I had a great first half of this year, but a rough and tumble summer followed. I suffered a few fractures from an episode and a nasty, unnecessary, costly custody battle; but I am far from broken. On the contrary, I have come out of this stronger and wiser. My son, a real trooper, and I, closer than ever. I found this journal entry below, buried in my draft posts from last year, much resonates for me still:Stress Fractures (written in 2009)
Stress can do all kinds of things. It can warp perspective. It can create cracks in a friendship. It can distract and disrupt. A stress fracture can be so crippling to the point that you ask: Do I give up or give in?
Everyone is saying to me: Polarimibi, don't give up. Hang in there, you
will get through all this.

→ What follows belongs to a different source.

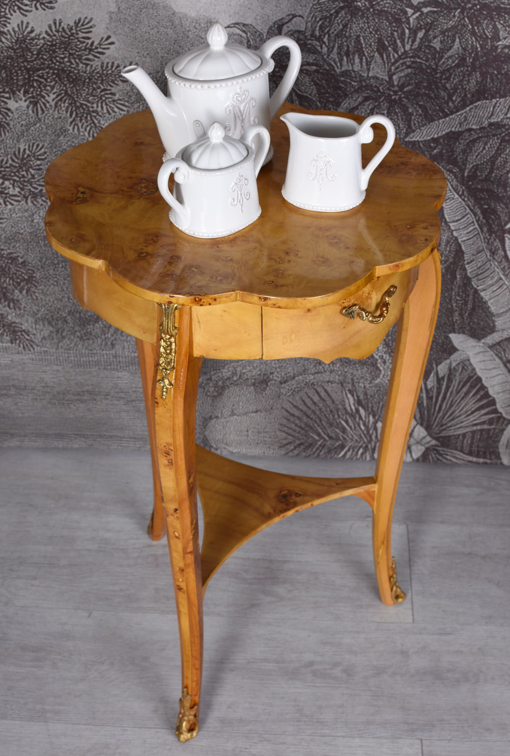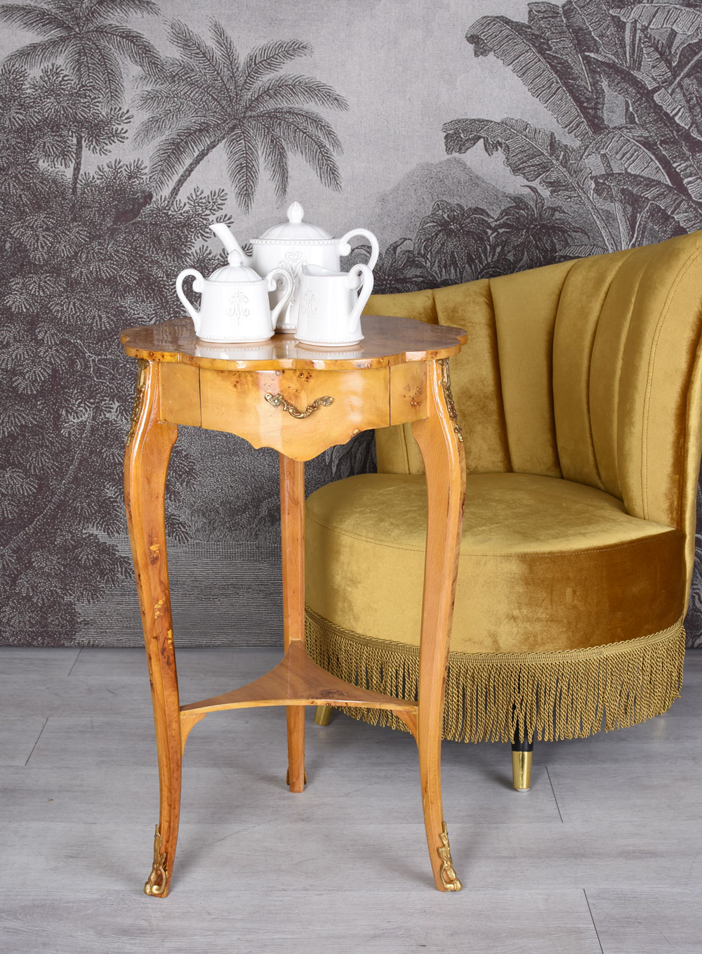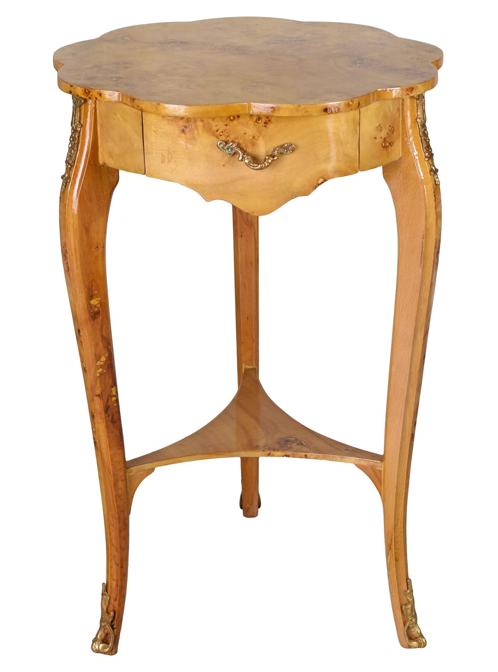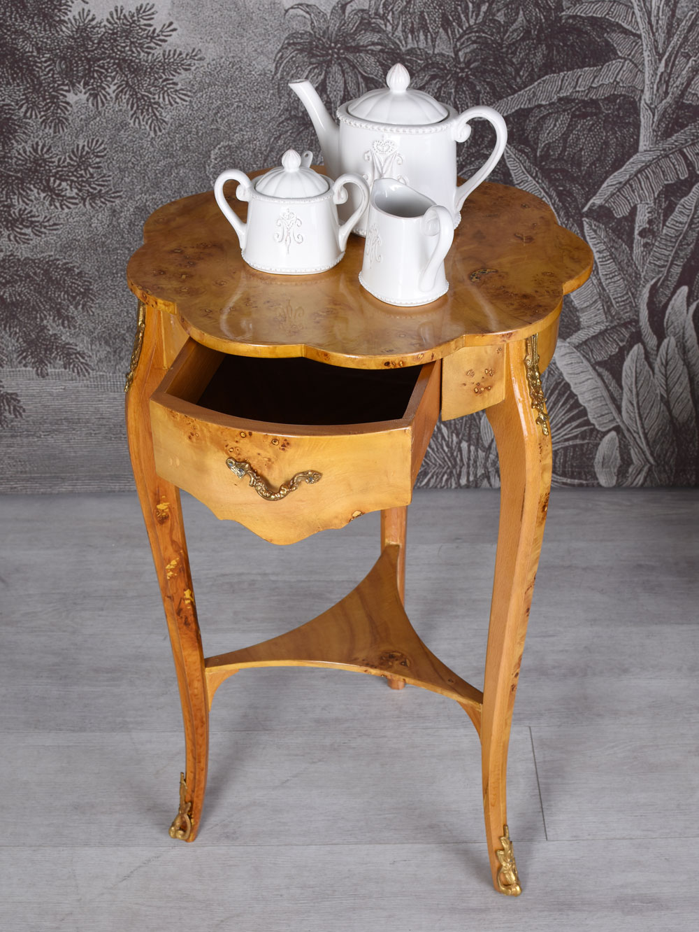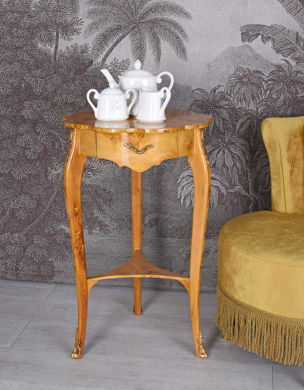 Stolik z szufladką w stylu barokowym. Fantazyjny blat o falistej linii doskonale współgra z wykończeniem frontów. W dolnej części umieszczona mała półeczka, która stanowi dodatkowe wzmocnienie.

You will come up on dry land.
I don't think I will give up, giving up is not a choice. Yet the reality is that I am in a whirlpool of enormous stress, and stress triggers all kinds of changes in the chemistry of my brain. Stress, however, can also motivate, and create a laser like focus that carries a person over the finish line.
I see what is happening in my brain as a blessing and a curse. Some parts of my brain are working very well -- on the left, I am finding words to connect and describe the complex happenings in my life. On the right, other parts of my brain are paralyzed, uncertain, and murky.
My sister-in-law told me that in Кыргызстан, in her culture, it is well known and accepted that in times of great stress, one side of the body shuts down, and the other takes over, and carries the full weight.
________________________________
Labels: soldiering on, stress management
Sunday, March 21, 2010
I am back. I am alive. I am breathing.
I survived. I am crossing. I am loving.
I am me, myself, and I.
I am writing poetry! I am doing very well.
How and why? Another blog post. Another day.
Today is a beautiful day. Always a day for poetry.
That is how I keep flowing, in darkness and in light.
Poetry is an outlet for the profound and the mundane.
Fascinating forum for understanding and misunderstanding.